# thunk in trunk lead to broken lug bolts?



## BlueBomber (Feb 11, 2005)

ok i've done some searching and i think i may have a new problem that i need suggestions for. ok it started about a two weeks ago, i was pulling into a drive thru and notice a thunk that sounded like it was coming from the rear of the car. the thunk seemed to happen if i rolled 5-10 feet with the car in first. i drove home and the thunk happened more often which made since to me since i was goin faster. i continued to try and troubleshoot the problem when i got home. i discovered that the thunk occurred only when rolling forward with the transmission in gear (the sound did not occur when i rolled backwards in or out of gear or when i rolled forward out of gear). at this point i couldnt tell where exactly the sound was comming from so i waited until the next day and i had a buddy of mine check it out with me (it was kinda difficult to tell where the sound was coming from so i hoped he could tell me standing outside of the car. the thunk went away though, so i continued to drive it around town for the next couple of weeks. 

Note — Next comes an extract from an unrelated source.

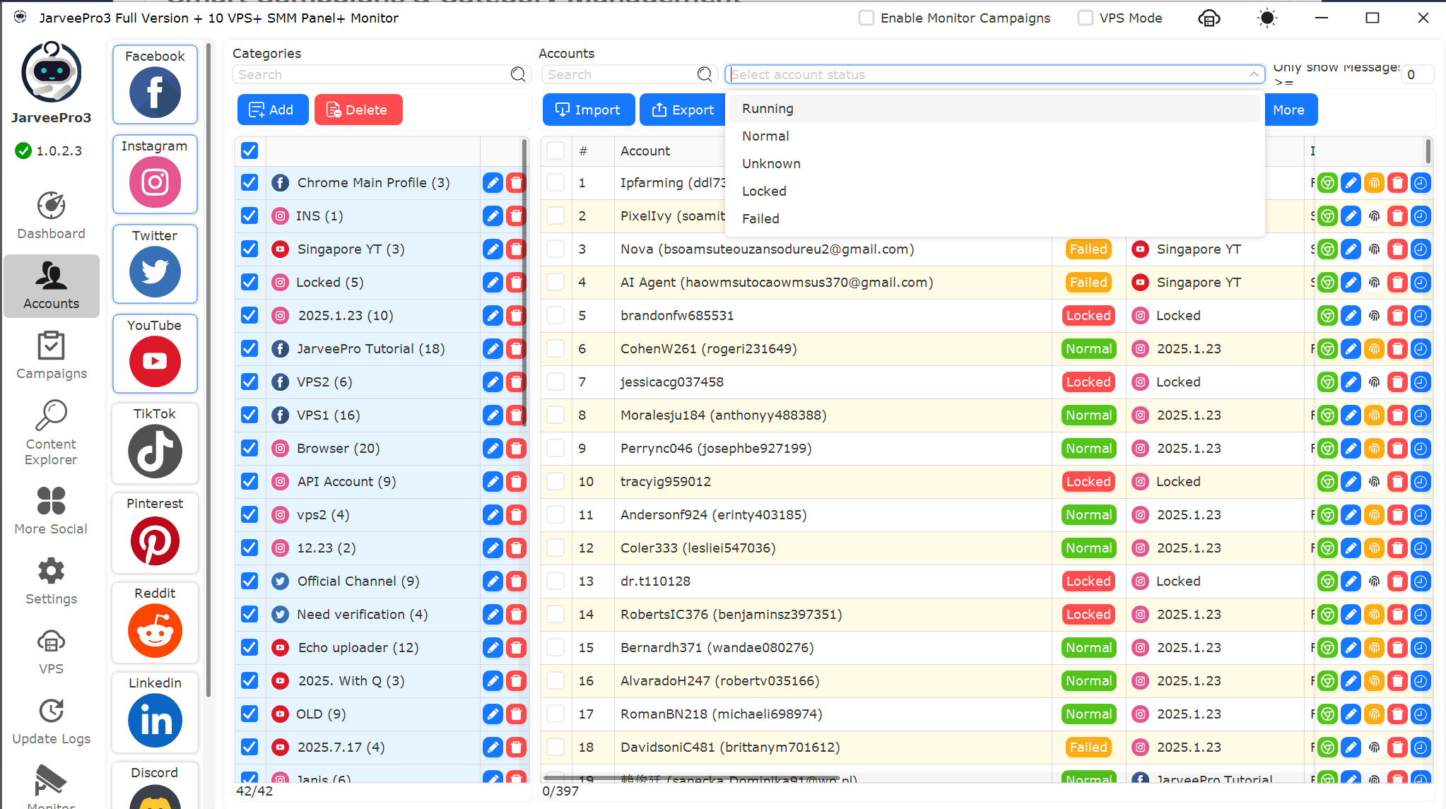 Managing hundreds of accounts? JarveePro makes it easy with status filters:

yesterday i took my car out on the interstate for the first time since i had noticed the initial thunking. well i noticed that i had a decent vibration when i got up to highway speed. i pulled over at the next exit and inspected tires. they were all properly inflated so i thought maybe i had lost one of those stick-on wheel weights that the tire stores balance the tires with. i continued on my way, the vibration continued as well as the "thunk in the trunk" seemed to start happening when driving around town (occured mainly when starting out). so i took care of my things that i had to do and on my way home the vibration gradually seemed to get worse. then all of the sudden the vibration got significantly worse (it sounded and felt like i had blown a rear tire). i got out looked at all the tires and all were still properly inflated. so i called a tow truck. when he got my car loaded i happened to look at my front driverside tire and noticed that two of the lugnuts looked loose or like the little plastic caps where coming off. so i reached down to push them back on and the lugnut including a broken portion of the lug bolt came out. i have two broken lug bolts and one of the lug nuts was finger tight loose. 

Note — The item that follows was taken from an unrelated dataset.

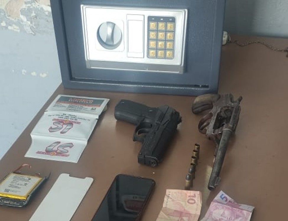 Durante a revista pessoal, foram localizadas uma pistola, um revólver calibre 38, um simulacro de arma de fogo, dinheiro, telefones celulares e o cofre subtraído da residência invadida por eles. Foto: Divulgação/BM

needless to say i said a little prayer that it was just a wrecker that came to pick us up and not an ambulance. my car is sitting at the dealership right now. we dropped it off and i get to go talk to the service department tommorrow because they were closed when we got there. i'm curious to any opinions you guys have. or any tips you guys have when i go to talk to them tommorrow.


----------



## pickinfights (Oct 3, 2006)

So it was broken lug nuts that caused the thunk sound? Or is this a result from whatever was causing the thunk. Either way, glad yer ok.


----------



## BlueBomber (Feb 11, 2005)

that is the question at hand. i'm glad i'm ok too thanx.:cheers


----------



## nagoat (Oct 21, 2006)

wow..also glad your o.k. have you had anything done recently..tires,wheels etc.?


----------



## nagoat (Oct 21, 2006)

maybe it just sounded like it was coming from trunk. i had some stuff rolling around in my glovebox and i swore the sound was coming from the trunk.


----------



## cammed06 (Dec 12, 2006)

Responding to your inconsistent rolling clunking, when your car is fixed, check again. Mine too made the clunking in gear, clutch depressed only rolling forward. I took it in for the incompetent aussie strut problem and mentioned the clunking. It was in the synchros. From the factory a bushing got placed in wrong, eventially wearing to the point of doing that. It was causing all kinds of problems. Fixed for now.


----------



## nac4life (Nov 7, 2006)

i had an IROC that did the same thing. was on my way to the beach on the interstate and it was clunking like that. needless to say we came back home and the clunking only got worse with slowing down, sure enough all of a sudden the tire shot off across route 30 and my car ate the pavement. was the lugs. after i got out and got myself some new lugs and slapped the tire back on i always checked the lugs for the rest of the time that i had that car. you were lucky though.


----------



## BlueBomber (Feb 11, 2005)

yea i had rotated the tires on my own recently. i'm kinda wondering if i overtorqued the lug nuts. i used my 18 volt dewalt impact wrench to remove and install the lug nuts. if this is what lead to me breaking these lugs i'm nervous cuz i tightened all of the lugs pretty much the same.:willy:


----------



## nagoat (Oct 21, 2006)

BlueBomber said:


> yea i had rotated the tires on my own recently. i'm kinda wondering if i overtorqued the lug nuts. i used my 18 volt dewalt impact wrench to remove and install the lug nuts. if this is what lead to me breaking these lugs i'm nervous cuz i tightened all of the lugs pretty much the same.:willy:


i'd have them all inspected. used to be you could just crank down on lugs, but now everything is torque speced.


----------



## nagoat (Oct 21, 2006)

there's also the possibility of tightening the wheels on not perfectly straight.


----------



## oldsow (Aug 6, 2006)

lug nuts must all be checked for centering when puting wheel back on and they must be torqued with a torwue wrench to FTLBS in the specs. The are aluminum wheels, has to be done or bad results can occur.


----------



## GTO JUDGE (May 14, 2005)

BlueBomber said:


> yea i had rotated the tires on my own recently. i'm kinda wondering if i overtorqued the lug nuts. i used my 18 volt dewalt impact wrench to remove and install the lug nuts. if this is what lead to me breaking these lugs i'm nervous cuz i tightened all of the lugs pretty much the same.:willy:


*
Your 18 volt Dewalt must have some kind of torque. I can see breaking off screw heads with an 18V. but a lug stud?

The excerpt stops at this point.